UNC Charlotte’s College of Education also has a painting by T.J. Reddy on permanent exhibit. The painting depicts a wise woman who is presented as being at one with nature. Located just outside the Dean’s office, it was donated by then Dean Mary Lynn Calhoun when her associate dean, Barbara Edwards, retired. As Barbara recently recalled, Reddy came to her retirement party:
“Having been friends with T.J. since the late 1970s, I was delighted that he found time to come to my retirement party at UNC Charlotte in 2009. But I was completely speechless when Dean Mary Lynne Calhoun and T.J. surprised me with their subterfuge and presented one of his beautiful paintings from the series, Scenes for the Teacher, to be hung in the College of Education in my honor. As was his custom, T.J. renamed the painting to suit the occasion of its transference from him to a permanent home. He called it Accolade.“
T.J. Reddy had a special connection to UNC Charlotte. He promoted the establishment of UNC Charlotte’s Black Studies Program when he was an undergraduate student, and this program evolved into an academic department, which is now called the Africana Studies Department. He was the very first artist-in-residence in the department in 2009. At the end of his residency, he gave the department a portrait of Dr. Bertha Maxwell-Roddy, the founding chair of what was then called the Afro-American and African Studies Department at UNC Charlotte. Reddy called this painting Bertha and Her Children. This painting is one of several works by Reddy in which a female figure is surrounded by the bounty and beauty of nature. In this particular painting, however, the background is peopled with smaller figures, representing the countless students and other people whose lives were shaped in some way by Dr. Maxwell-Roddy.

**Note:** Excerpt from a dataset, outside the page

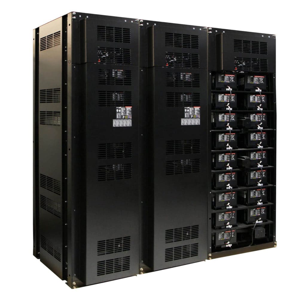 A single cabinet configuration of 34.6 kWh comprises one switchgear, one switched mode power supply (SMPS) and 17 battery modules.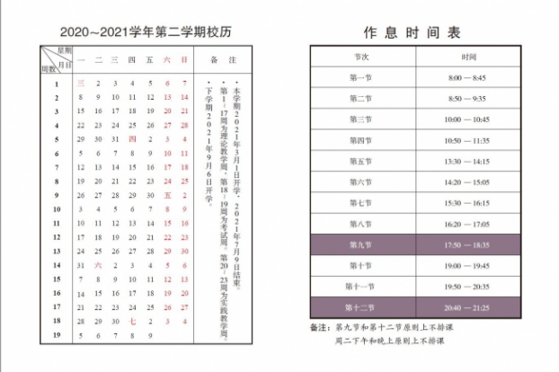 2020-2021学年第二学期校历

In Bertha and Her Children and in many of Reddy’s other paintings, teachers and elders are honored. Through his art, T.J. always celebrated the people who care for children, who teach students, who nurture creativity, and who build communities. He sometimes talked about how we all belong to a larger “human ecology,” and this theme of interconnectedness permeates his art. In many ways, Reddy is an artist for these divisive times. His paintings draw attention to the many injustices that riddle our society, but they also help see all that we have in common, offering a vision of a more caring and just world.
Mark I. West is a professor of English at UNC Charlotte, where he has taught since 1984. He was recently selected for the Bonnie Cone Professorship in Civic Engagement in recognition for his community-service activities. His articles have appeared in various national publications, such as The New York Times Book Review, Publishers Weekly, Americana, and British Heritage.